Ой, зацвiла рожа край вiкна,
Ой, зацвiла рожа край вiкна…
Ой, мала я мужа,
Ой, мала я мужа,
Ой, мала я мужа
Пияка.
 
   Как легко, свободно дышалось в эту лунную ясную ночь над Днестром! Воздух был чистый, пахучий, он давал человеку такую силу, что казалось, любую работу можно сделать в несколько минут. Глубоко вдыхая запахи чебреца, полыни, сухой мяты, слушая, как где-то далеко кричит коростель, я медленно объезжал по меже совхозное поле. Наверное, курсанты давно спят на своих соломенных матрацах. С другой стороны Днестра донесся сюда звоночек балагулы. Кто это едет там, над рекой, в такую пору? Может, помещик какой-нибудь объезжает свои поля? Или сонный поп отправляется исповедовать умирающего? Или румынские жандармы везут в хотинскую тюрьму нового арестанта?
 
Слышно было даже, как поскрипывают колеса брички там, в кукурузе, над Днестром.

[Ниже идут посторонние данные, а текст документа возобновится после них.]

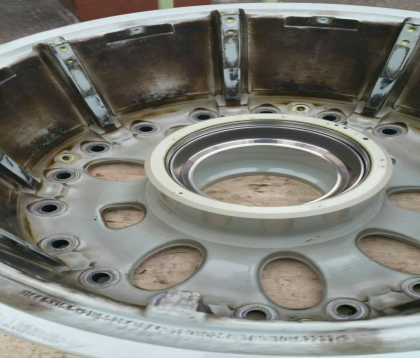 需要翻新處理的飛機(jī)輪轂外形尺寸:Φ450-700*H140-400mm (看看,才幾天的飛行,飛機(jī)起降對輪胎、輪轂的沖擊有多大!) 噴砂后接受探傷檢測時(shí)的輪轂,讓損傷一覽無余!
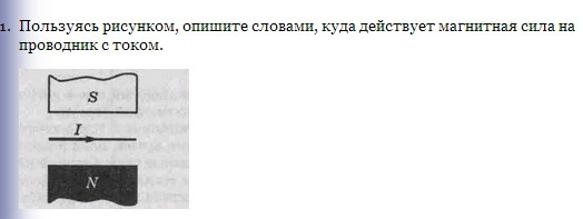 Пользуясь рисунком, опишите словами, куда действует магнитная сила на проводник с током.

Не бий мене, муже, не карай,
Бо покину дiти,
Бо покину дрiбнi,
А сама поiду
За Дунай.
Ой, як я на лодку сiдала,
Ой, як я на лодку сiдала,
Правою рученькою,
А бiлим платочком,
А бiлим платочком
Махала… -
 
   пели девчата тягучую, грустную песню.
   Каштан медленно переступал ногами и силился ухватить зубами траву.
   Я опустил поводья, и конь остановился, вырвал на меже кустик бурьяна, стал пережевывать его: слышно было, как позвякивают его удила, как скрипят, стараясь освободиться от железа, лошадиные зубы.
   Но вот Каштан фыркнул, насторожился и неожиданно заржал. Погодя минутку, на другом берегу Днестра весело откликнулась запряженная в бричку лошадь, и ее ржание заглушило на миг звоночек.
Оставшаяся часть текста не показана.